_EXERCISE REQUIREMENTS_: Reproduce the lines below verbatim. Pictures are to be omitted.

_INFORMATION SUPPLIED_:
• • • •

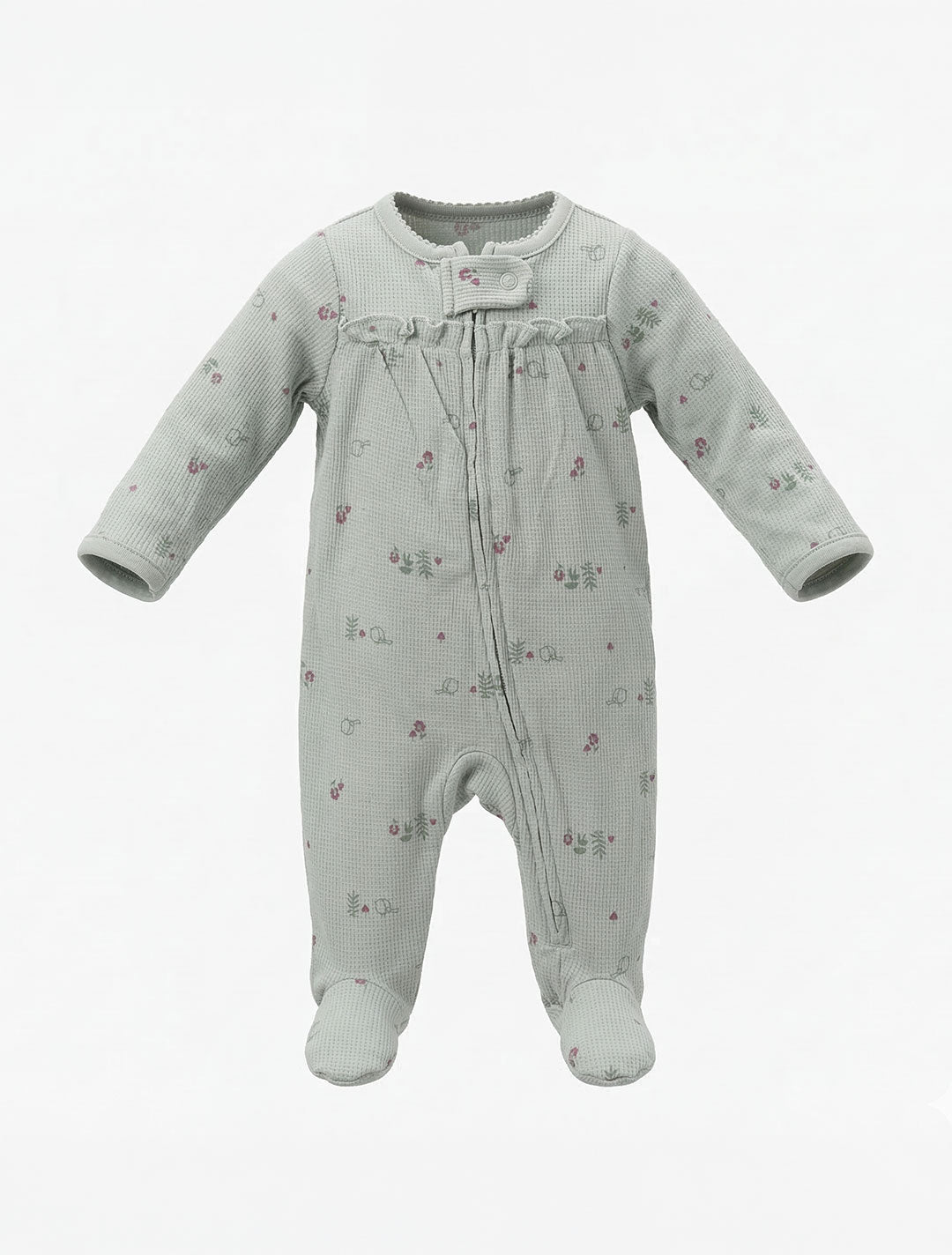SAGE GREEN KNITTED FLORAL ZIPPER SLEEPSUIT
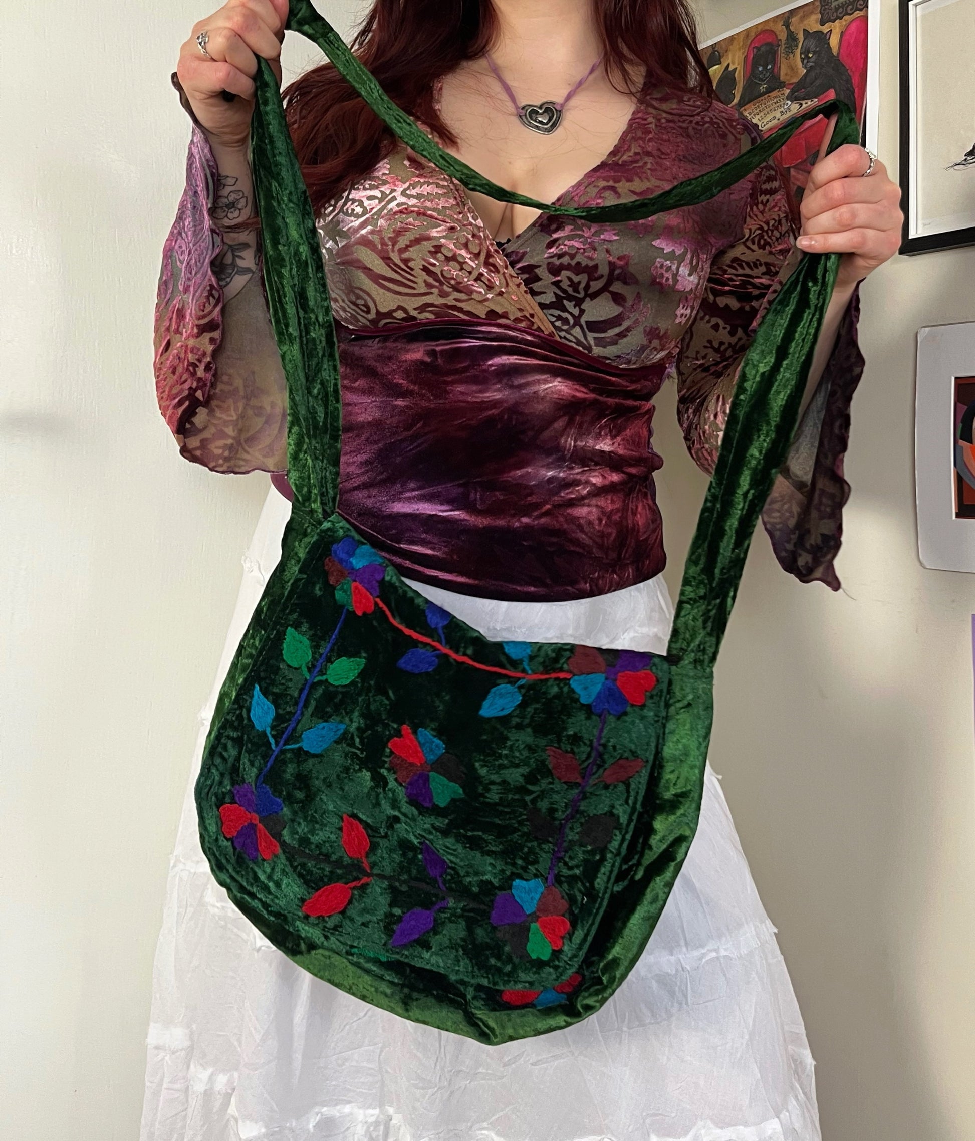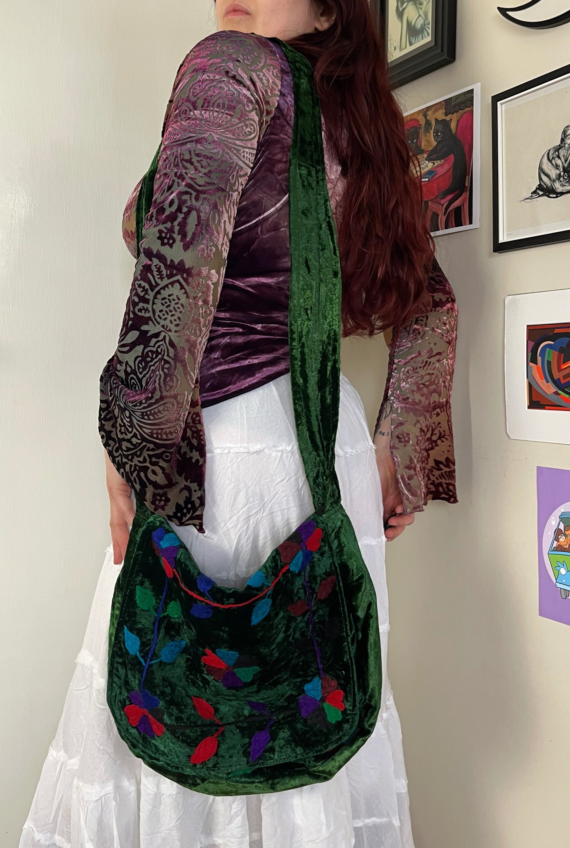 2000s green velvet bag! Boho style with a long strap and embroidery on the front. In perfect vintage condition.
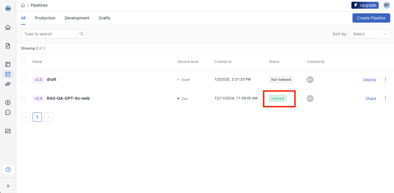 完成以上所有步骤后,部署管道。此过程可能需要一些时间,因为部署后,deepset Studio 会设置一个文档存储实例,处理所有文件,创建嵌入并对其进行索引。当一切完成后,您将在管道上看到Indexed标签。

• • • •

_EXERCISE RESPONSE_:
SAGE GREEN KNITTED FLORAL ZIPPER SLEEPSUIT
 2000s green velvet bag! Boho style with a long strap and embroidery on the front. In perfect vintage condition.
 完成以上所有步骤后,部署管道。此过程可能需要一些时间,因为部署后,deepset Studio 会设置一个文档存储实例,处理所有文件,创建嵌入并对其进行索引。当一切完成后,您将在管道上看到Indexed标签。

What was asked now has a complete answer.